Filed in by Kirk Averett | April 27, 2005 5:06 am
I did an earlier post about domain name scams. ILSCORP was really pushing the boundaries on marketing ethics.
On Monday of this week I received a letter from the Domain Registry of America about a domain name I registered for my mother-in-law a year or two ago. It is leaps and bounds better than the ILSCORP, but it still leaves me a little uncomfortable.
It uses the word “switch” in the 2nd sentence helping the reader understand that DRoA is not your current registrar. The text “This notice is not a bill” appears twice in the letter; it appears bolded the first time. They have a paragraph about our right to change registrar’s when we renew, again emphasizing that they are not the current registrar. Pretty good, in my opinion.
The design of the document is built to pull your eye away from the informative text and focus your attention on other things. Three main sections get the attention: a section with the domain name & a “reply requested by” date, a section listing costs for different terms of registration, and a section listing prices on similar domains. It seems likely to me that a casual reader will simply see this as renewing their domain and never think about it being with a new provider.

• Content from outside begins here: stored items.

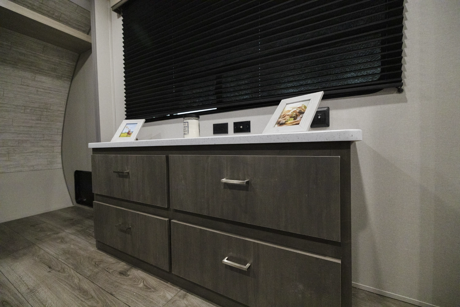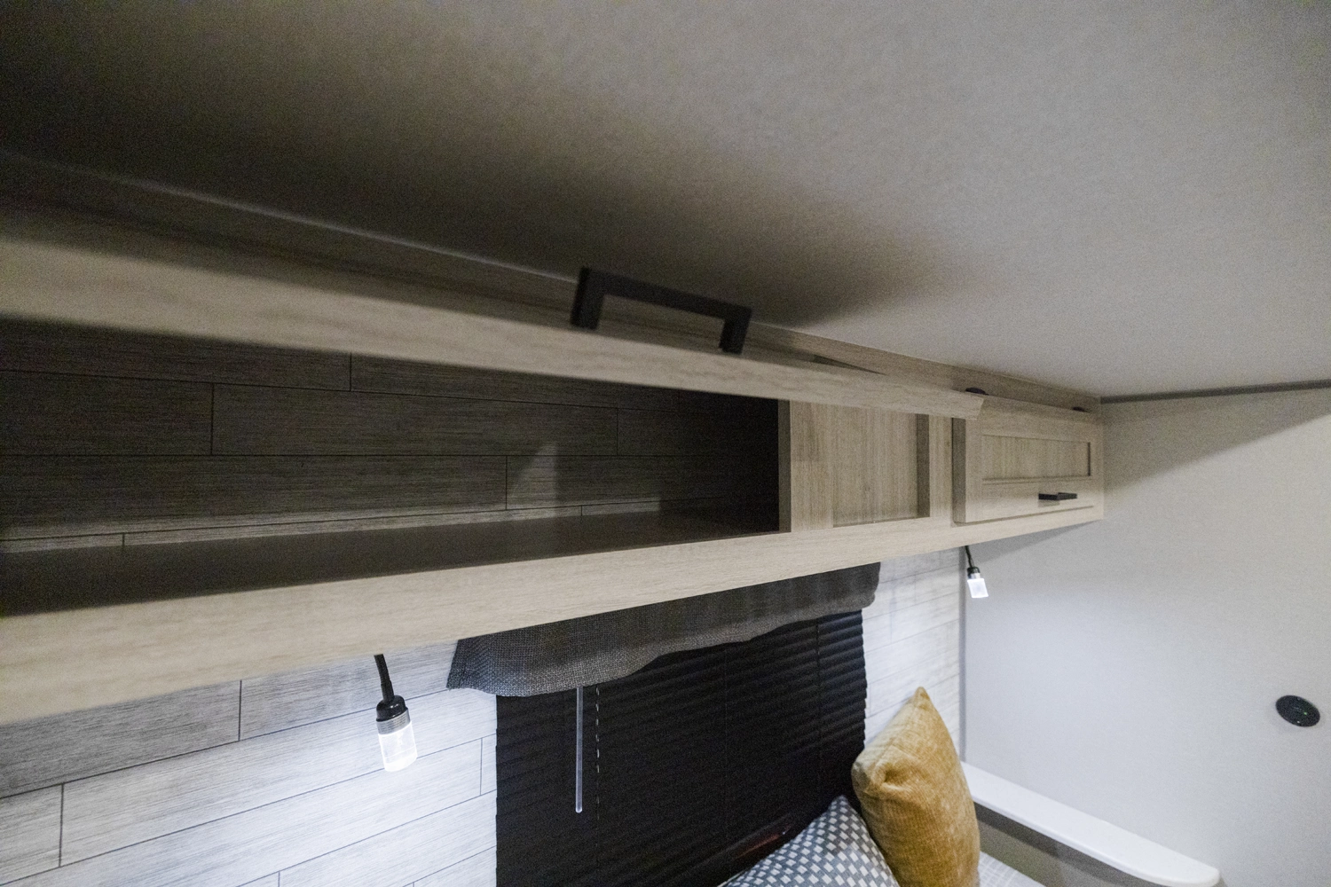 The 343BHTS is the premier bunk house floorplan on the market! Our versatile bunk room sleeps 5+ comfortably and includes an ent. center, storage and our unique COA cube futon. We designed the ultimate master suite with an enormous closet with full length hang rod and shelves, as well as an additional utility closet with everything you need to add washer/dryer. On the outside our standard large camp kitchen includes a griddle, dorm style refrigerator, sink, and storage cabinets and drawers.
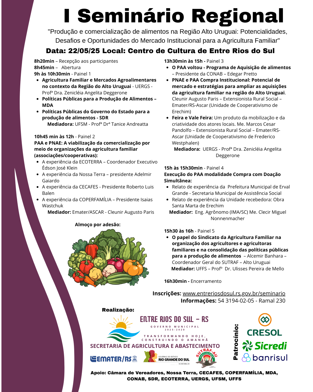No próximo dia 22 de maio de 2025, o município de Entre Rios do Sul será palco do I Seminário Regional sobre Produção e Comercialização de Alimentos na Região Alto Uruguai, com o tema: "Potencialidades, Desafios e Oportunidades do Mercado Institucional para a Agricultura Familiar". O evento acontecerá no Centro de Cultura e reunirá especialistas, autoridades, representantes de cooperativas, associações e agricultores familiares de toda a região.
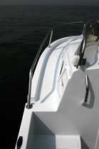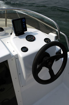 A navegação neste modelo foi uma agradável surpresa, com três adultos a bordo e com um mar calmo planámos em apenas 2,75 segundos. A velocidade máxima que conseguimos atingir foi de 20,3 nós às 5 500 rpm enquanto que a velocidade de cruzeiro se situou nos 12,5 nós às 4 500 rpm. A suavidade de condução e a capacidade de curvar foram outros dos pontos que nos deixaram bem impressionados.
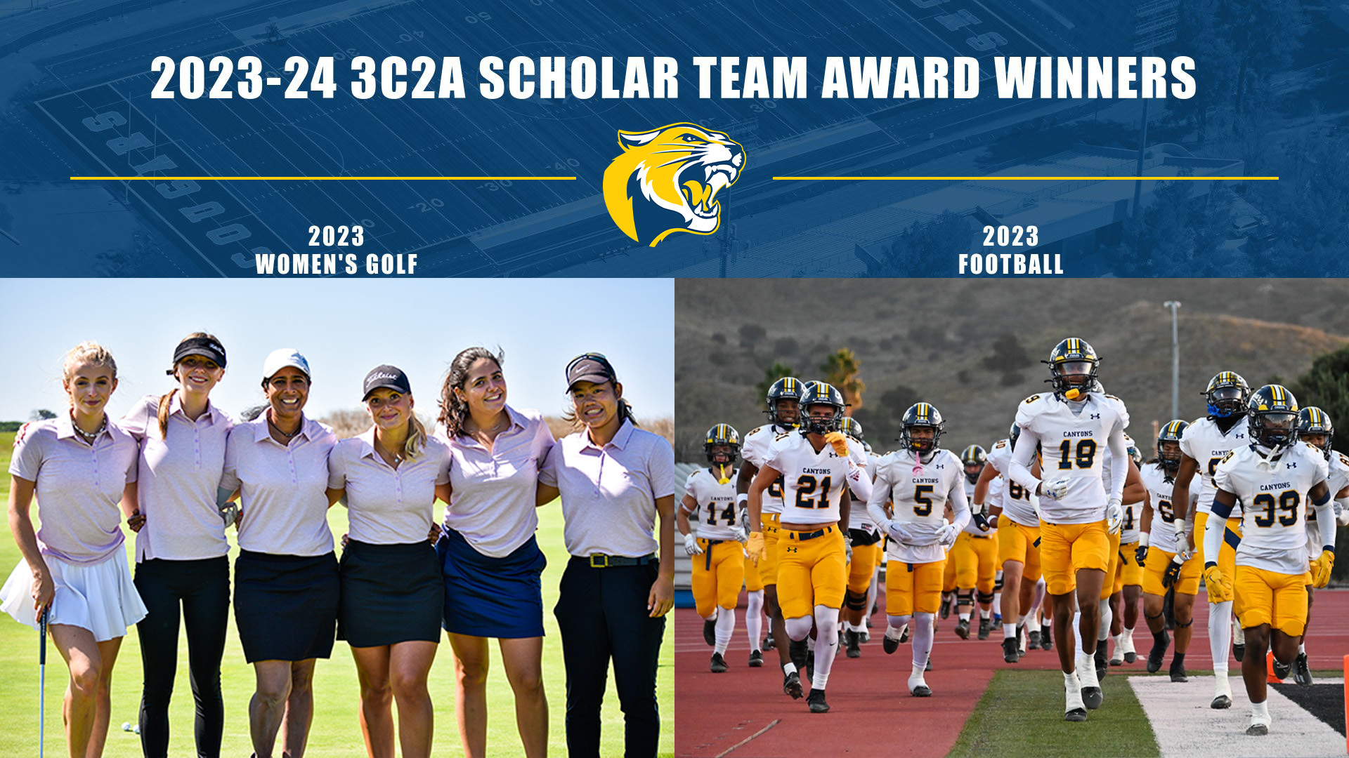 The 2023 state championship College of the Canyons women's golf team and the 2023 Cougars football team have both been named 2023-24 California Community College Athletic Association (3C2A) Scholar Team Award winners.
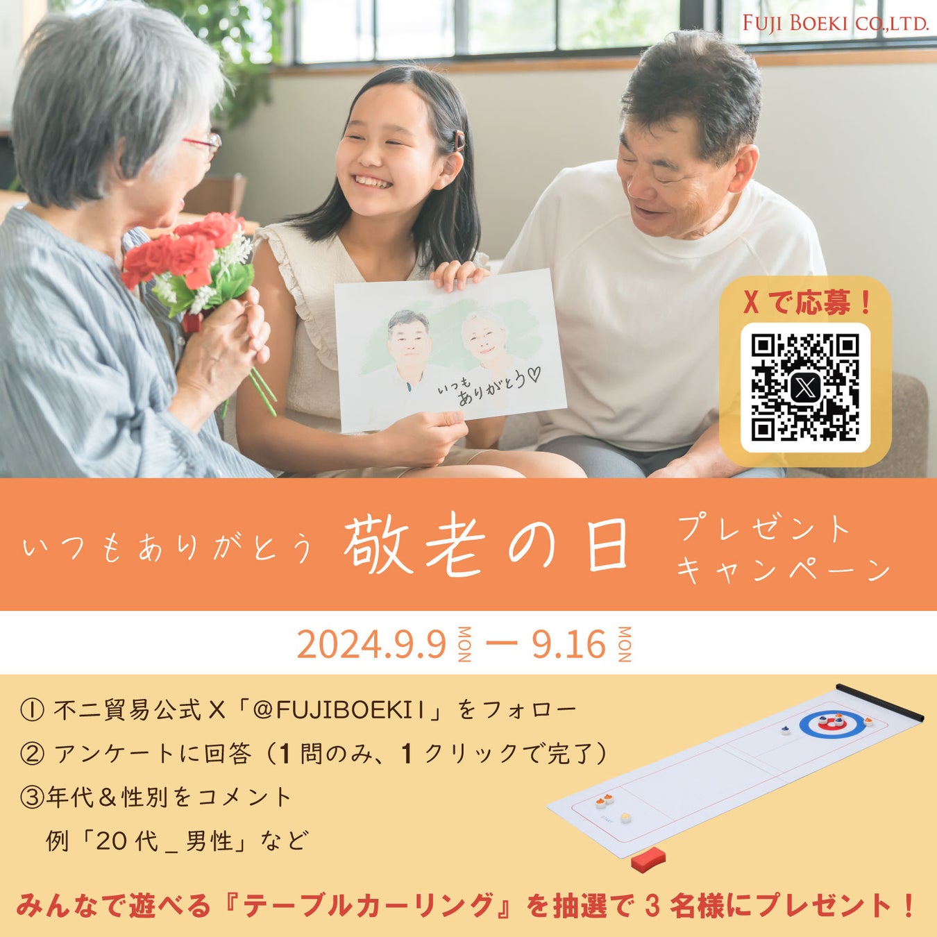 Xで敬老の日を記念したキャンペーンを実施中!抽選で3名様に「テーブルカーリング」をプレゼント

The second “This notice is not a bill” is squished between larger and heavier fonts on the detachable portion to send in with your money. Not great.
The fine print on the back is almost comically small. It has to be 3 to 4 point font and is a grey color rather than a higher-contrast black. Again, it smells of design built to draw attention away from potentially important information for a consumer.
This letter seems to add customers to the Domain Registry of America through subtlety. True, there may be some existing domain registrar that doesn’t warn its customers that their domain is expiring. The DRoA is then providing a meaningful service. But I’m guessing they mostly get customers because the folks don’t realize that they are switching to someone new and maybe not getting the best deal (DRoA charges $25 for one year of registration…there are significantly less expensive registrars out there).
Customers benefit when there is more direct competition between providers on core issues. Customers then choose new companies based on a feature/price ratio that makes sense to them and companies that better meet needs get more customers.
I was just reading through a competitor’s web site yesterday and saw where they had an add-on support package where their customers would be guaranteed a response to an email question within 48 hours. 48 hours?!? Maybe that’s a big step up from a free email provider.
Needless to say, I believe we’re a huge step up from a situation like that. And we’re working on doing even more!